Thursday, January 31, 2008
Sweaters in the Wild!
"Now Jim, what do we have here?"
"Marlon, that's a Jean Frost jacket. It appears to be a juvenile, about 4 years old, judging by its vivid purple coloration. Their coats can fade as they age. Those sweaters can have quite lengthy life spans, depending on their environment."
"Jim, that sweater's coat appears to have an unusual texture. Can you tell us something about it?"
"It's Icelandic wool, Lopi to be exact. I'm not sure that sweater's been treated well; the yarn appears to be re-used from a previous attempt and may have sat in balls in a closet for a few years before becoming this sweater. Lopi is not the usual yarn specified for this sort of sweater, but it is inexpensive,toasty warm and, between Lopi and Lopi Lite, fits a variety of gauges."
"Jim, would you recommend such a sweater for daily use?"
"Probably not, Marlon. Sweaters made from Lopi are an excellent choice for bitter days when you will struggle to stay warm, but are perhaps too warm for the average situation. However, this sweater is a nice alternative for winter; a bit more stylish and sophisticated than your average Icelandic sweater but just as warm."
"Oh dear, Jim, it appears our conversation has frightened it off."
"Not to worry, Marlon. They tend to gather around the local watering hole this time of day. I'm sure that's where it's off to."
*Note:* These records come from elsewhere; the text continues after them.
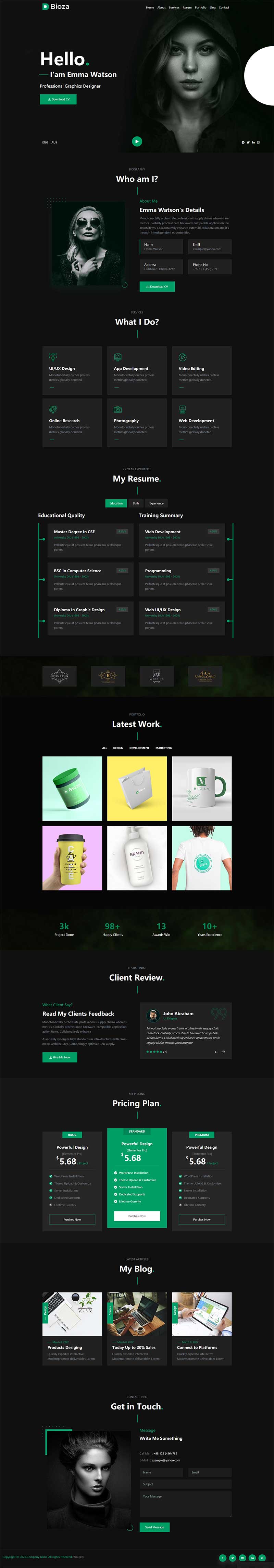 这是一套黑色图形设计师个人简历HTML模板,同样适用于前端设计师个人简历网页模板,是专门展示个人简历的HTML模板。以黑色为主色调,给人一种专业、时尚的感觉。该模板提供了简洁、清晰的页面布局,包括个人介绍、作品展示、技能专长、教育经历等。通过使用这个模板,图形设计师可以快速创建一个独特而有吸引力的个人简历网站,展示自己的设计作品和专业能力,吸引更多的雇主和机会。 内容加载中..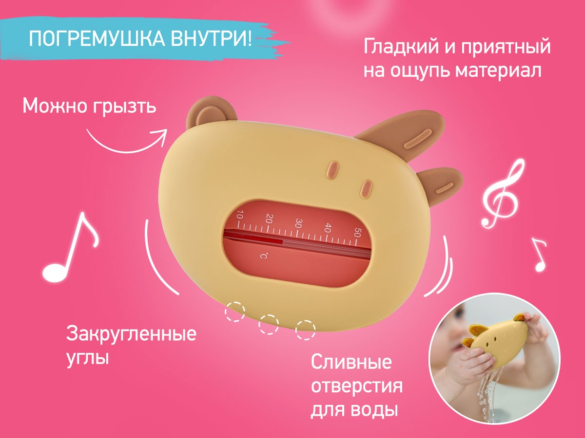 Дополнительно термометр оснащен мягкими элементами, которые можно грызть.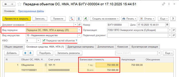 Как в 1С:БГУ отразить передачу в аренду части объекта основных средств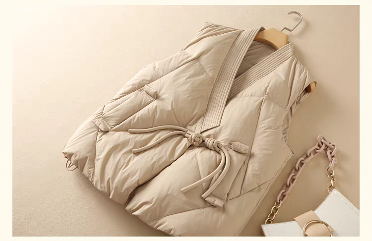 ダウンジャケット馬甲女の短いコートは文芸の手作業を厚くしてvネックヨーロッパ駅2024冬のシンプルな外着をしている
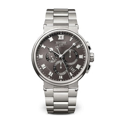 マリーン・クロノグラフ。自動巻、日付カレンダー、スモールセコンド。30分計、12時間計。ひげゼンマイにシリコン素材。サファイア・ケースバック(透明裏蓋)。ねじ込み式リュウズ。10気圧(100m)防水。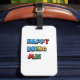 Etiqueta de bagagem branca com letras impressas no arco-íris. "Happy Being Me", férias, viagem, cores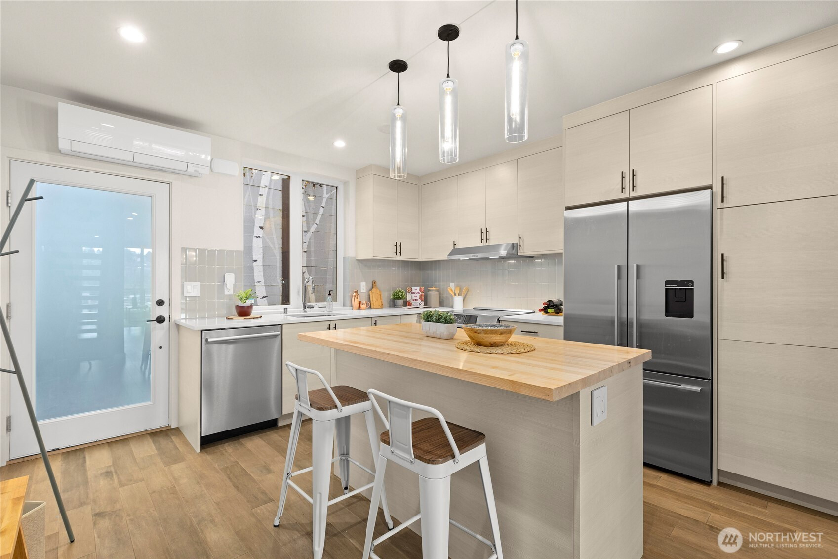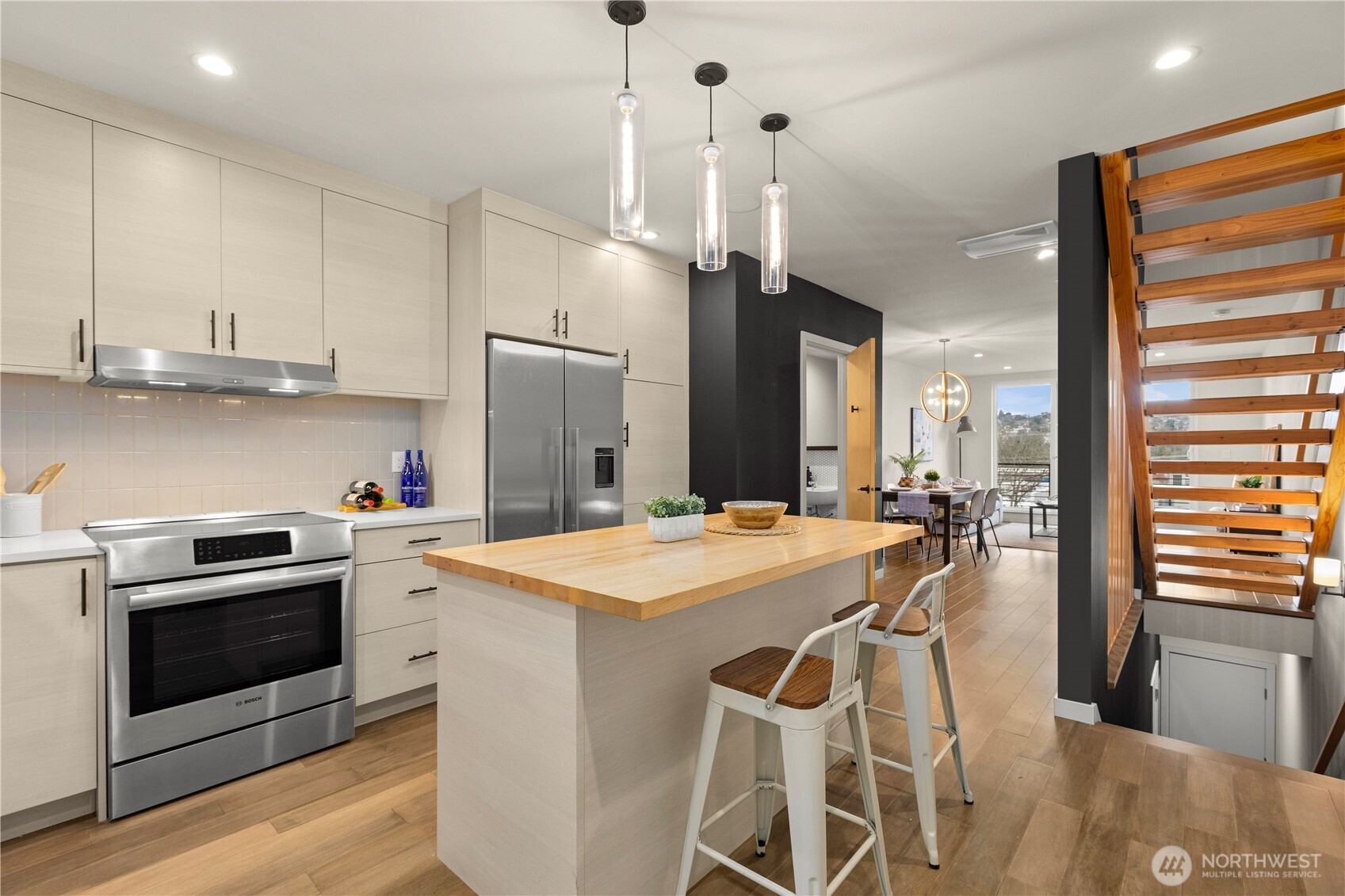 Modern, beautifully designed townhome in vibrant Queen Anne with sweeping west-facing views! This energy-efficient home features solar panels, EV charging garage, ERV fresh air system, multi-room speaker setup, and energy tracking with Sense. Live comfortably in this 3 bed, 2.25 bath spacious home with a rooftop deck. Built by a reputable green builder, with thoughtful details throughout. Easy access to 15th Ave! Extra storage via crawl space entry from garage. Close to Whole Foods, daycare, gym, and Interbay Golf Course. Easy drives to Ballard, Fremont, and SLU. Commute with ease to Expedia, Google, Facebook, and Amazon. Located in top-rated Seattle School District! No HOA!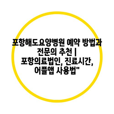포항해도요양병원 예약 방법과 전문의 추천 | 포항의료법인, 진료시간, 어플앱 사용법”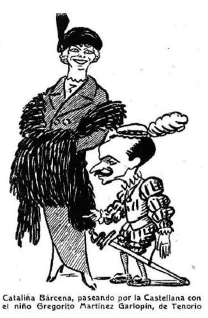 Caricatura de la pareja Catalina Bárcena y Gregorio Martínez Sierra. El Duende, 22-2-1914 pág. 7.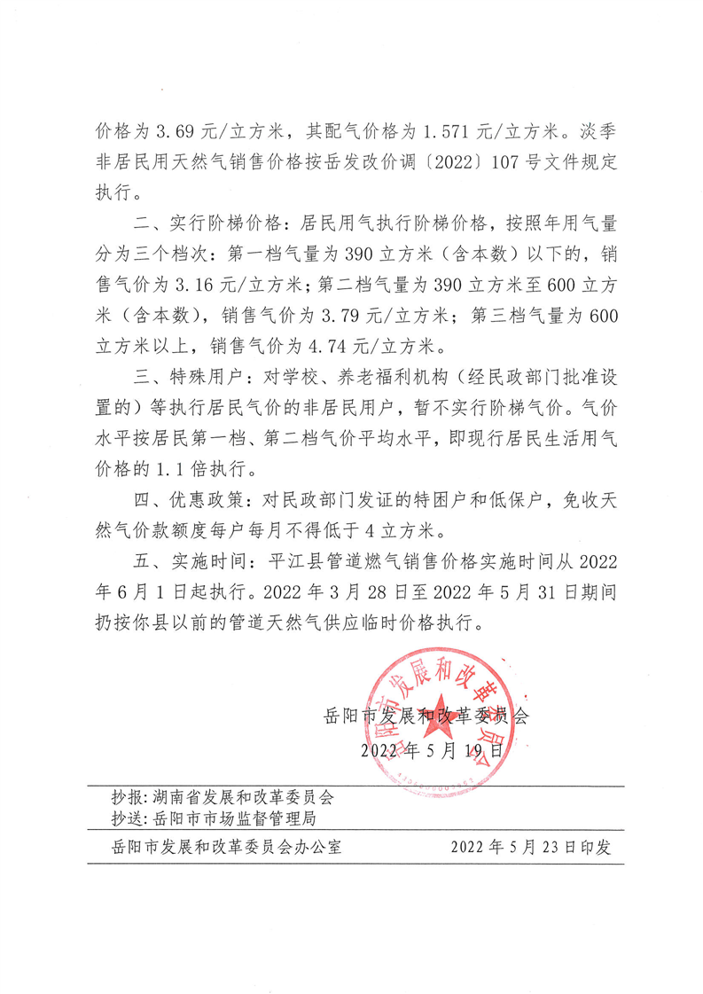 关于核定平江县管道燃气销售价格的通知(岳发改价商〔2022〕173号)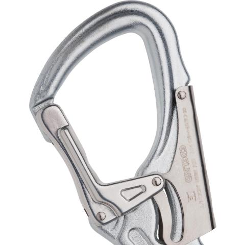 Erittäin vahva teräksinen kiinnitin 25 mm portin avaumalla. Kaksitoiminen portti automaattilukituksella. Mahdollistaa yhdellä kädellä käyttäen helpon kiinnittymisen halkaisijaltaan erilaisiin rakenteisiin ja ankkuripisteisiin.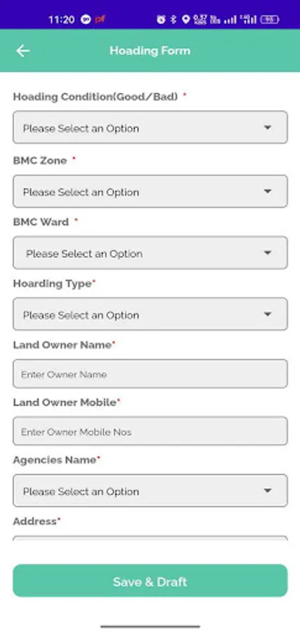 Searching hoarding from a map location and survey the all details about the hoarding. hoarding condition or status fill all data in the hoarding form. and upload the data to the server.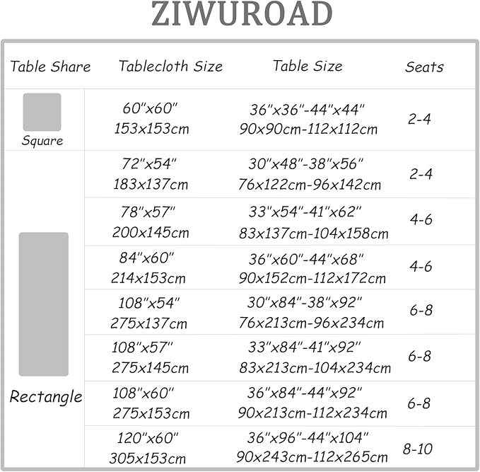 - Different Size: This rectangle velvet table cloth measures 60 x 84 inches. Suitable for rectangular tables measuring 60 to 68 inches in length and 36 to 44 inches in width (8-12inch drop), 6-8 seats. Friendly Reminder: Please measure your table dimension for choosing the appropriate table cloth size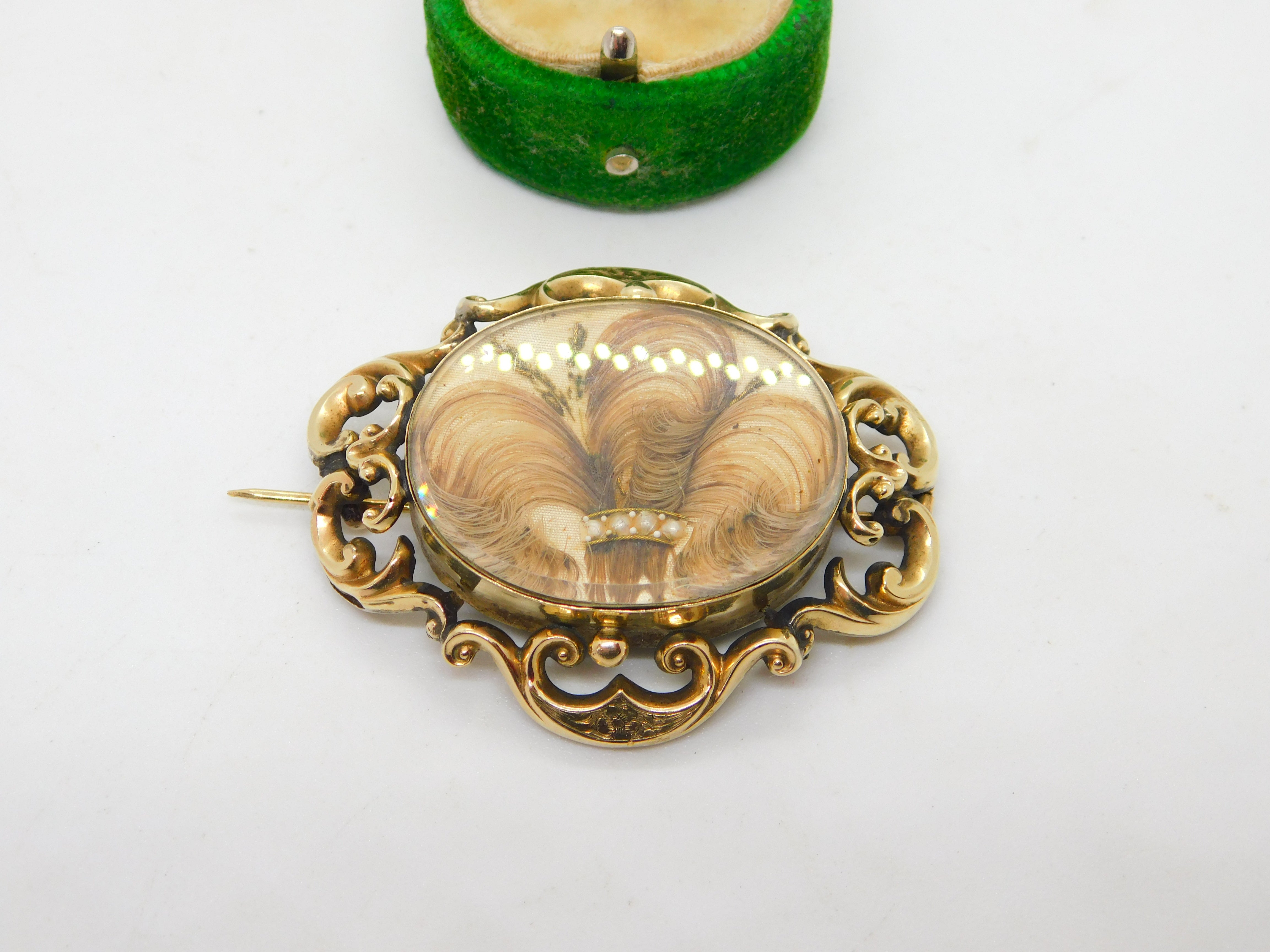 George III 9ct Yellow Gold, Hair & Seed Pearl Mourning Brooch Antique c1820

(What you can't tell from the photo: it's a standard blazer shape in reverse stockinette with lapels and set in sleeves. The book calls for it to be worn with a belt, but I'm not really the belt sort, so I put a clasp on instead. I did have to tack the lapels down to keep them from curling. I don't wear it very often, but it is handy for cold days when you want to wear something a little classier than a shapeless ski sweater, and I'm glad I have it.)